Em uma análise pela rama, percebe-se na pág. 23 a metáfora inusitada, com realce das sensações visuais. Uma característica da poesia de Carpinejar: densidade, imagens sucintas e bem cuidadas. Uma aparente simplicidade que raia ao cotidiano, ao coloquial: “Na claridade povoada, / acendi tua nudez. / Ágil, ovo sem clara”.

“Nasci vingativo, / negando / o que deveria perdoar. (...) tudo é necessário. / Sou a barca que fica / afiando as águas”. Nesse fragmento de poema há uma análise de sensações, uma tentativa de autoconhecimento. As abordagens líricas de um poeta são sempre a decodificação de sua mundividência, sua forma de ver o mundo, através de seus poemas. Eles são o raio x de sua alma, diante das estranhezas experimentadas. Só os ingênuos e insensíveis acham a vida e o universo simples, evidentes, explícitos. Quando nada se vê ou se percebe é sempre um mistério que escapa à nossa cegueira.

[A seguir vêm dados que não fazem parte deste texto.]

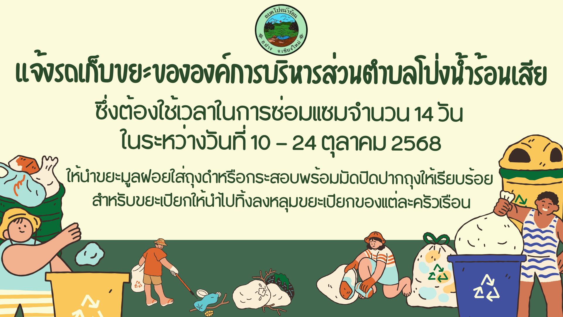 ชื่อเรื่อง : แจ้งรถจัดเก็บขยะมูลฝอย องค์การบริหารส่วนตำบลโป่งน้ำร้อน ชำรุด ให้ประชาชนทำการจัดเก็บขยะลงถุงดำหรือถุงกระสอบ แล้วนำไปวางไว้ตามจุดที่ให้บริการทิ้งขยะ หากมีข้อสงสัยสอบถามรายละเอียดเพิ่มเติมได้ที่ 053-451234 หรือ 080-6163506

“Herdei tua solidão / e não posso humanizá-la. / Um segredo compreendido / é um segredo morto” (pág.38). Críticos abordam trechos poéticos com endereços certos, relacionando-os com problemas pessoais do autor. Pode ser verdade, porém sua grandeza é o ampliar das conotações. Este pequeno poema demonstra isto. Qualquer ser humano pode senti-lo de maneira pessoal. Seu conteúdo é universal e multívoco.

“Até quando serei o que compreendo?” (pág.71). O verso, sozinho, é um poema. Nele está a temática eterna de quem busca. “As confissões são inventadas. / Meus personagens foram maiores / do que o enredo”. Na segunda estrofe deste poema da pág. 73 enfoca-se o grande tema da Literatura, quer seja em prosa ou verso: ficção e realidade. Até onde o poeta é sua obra ou ele apenas recria o mundo, de acordo com sua cosmovisão. Na criação literária, quem são realmente as personagens? E o enredo, o que ele traz de verdade ou invenção?

“Deus, peço tua demissão por justa causa.

Não saberás se falo sério ou se estou rindo.

Vou indo. Na incerteza, o réu é sempre absolvido.

A chave deste belo poema metafísico (vide o refinamento da rima interna), pág. 74, o último da Antologia, pode ser, irônica e hereticamente, um posicionamento de liberdade. O poeta livra-se da fé, canga, mordaça, todavia, inteligentemente, em uma ambigüidade deliberada, realça a lei sábia do Código Maior: em caso de dúvida, pró réu.